At this point in my career, my work is so disparate that I can’t compare something like The Best Online Personal Loans to a Billfold Monday Check-In post. So I want to phase out the idea of per-piece earnings as a metric of success, and look instead at two larger metrics:

  • Did I meet my $5,000 monthly earnings goal?
  • Was my workload manageable?

Here’s how I’m thinking about these metrics going forward.

Prorating my assignments to accurately track earnings

As I mentioned in February’s update, I have a number of projects that take longer than a month to complete. What I’ve started doing is prorating these assignments into weekly earnings over the length of the project, so I can keep track of whether I’m on target to meet my $5,000 monthly earnings goal.

For example: Let’s say a project pays $1,500 and the final draft is scheduled five weeks out. Let’s also say the project starts on Monday, April 11 and the final draft is due on Friday, May 13.

Here’s what my freelance tracking spreadsheet typically looks like (with the earnings column redacted):

Dieker-freelance-spreadsheet

For the next five weeks, I’d add one more line item to the spreadsheet, labeled “Prorated [Project Name].” I’d then add $300 to the “earned” column to represent the prorated amount I earned that week.

This way, I can accurately track my project earnings over time, even though I won’t be able to bill the entire $1,500 until the project is completed. I can also accurately gauge whether I’m earning $5,000 every month, even if part of those earnings are associated with a project I won’t complete until the following month.
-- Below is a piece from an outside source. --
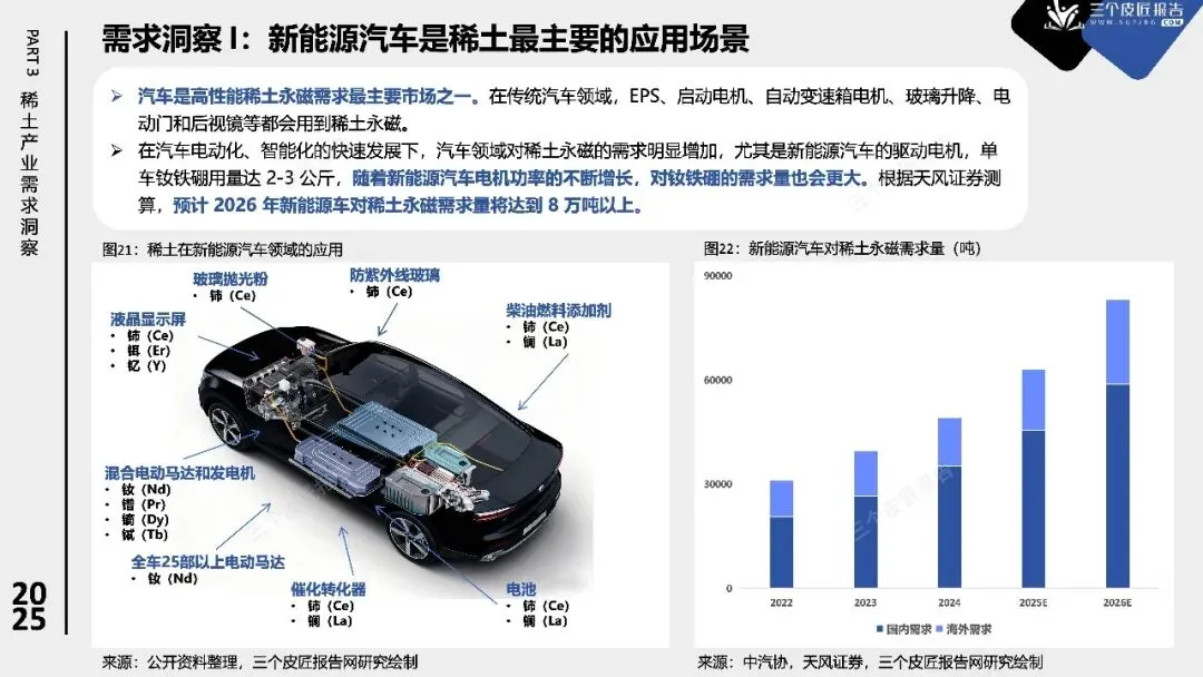 新能源汽车是绝对主力,单车钕铁硼用量达2-3公斤。预计2026年新能源车对稀土永磁需求将超8万吨,这还只是开始!

This prorating method also helps me plan my freelancing schedule. If I have a five-week project, I should complete roughly 20 percent of the work during Week One, and so on.

Planning project time into my workload

The spreadsheet example I showed you above is from April of last year, when nearly all of my articles could be started and finished on the same day.

Now that I’m working on longer projects, I need to schedule fewer short pieces and more uninterrupted project time — and I need to add that project time directly into my freelance-tracking spreadsheet.

Here’s a mockup of what this April’s spreadsheet looks like:

Dieker April 2016 Spreadsheet Mockup

In this example, I need to complete two pieces for The Billfold (that’s what P1 and P2 stand for, and I’ll replace those cells with the pieces’ titles when they’re done) and then I need to WORK on a KlientBoost project. I won’t finish that KlientBoost project on April 7, but blocking off the time ensures I won’t schedule anything else for the afternoon.

Planning WORK time also helps me keep my workload manageable. Right now, all of April and half of May are completely booked with The Billfold, large projects, and my recurring monthly articles.

If another client approached me, I could say with confidence that my schedule was full — because I’d already filled in all of the work and I’d confirmed I was earning at least $5,000 a month, prorated over the length of my larger projects.

In March, I also set aside Monday afternoons as “overflow time.” I could use those afternoons to work on a revision that took longer than expected, do administrative work I’d been putting off, or pick up one quick assignment that was too good to turn down. Scheduling overflow time worked out really well, so I’m keeping it up for April.

I should warn you: Despite all of this planning work and the overflow afternoons, I still spend about one day a week working on freelance assignments “after hours.” Sometimes it’s because something is unexpectedly added to my workload, but often it’s because I want to spend more time with an essay or a project.

This means I’m still not blocking enough time off for writing; as my career continues to evolve, I’ll want to schedule even more WORK time so I can give every post and project the attention it needs.

Still, I am for the most part hitting my metrics: I’m earning $5,000 a month, and I’ve got a manageable workload. It feels like freelance success to me.

How often do you re-evaluate your metrics and your tracking systems? Has what defines “success” changed since you started freelancing?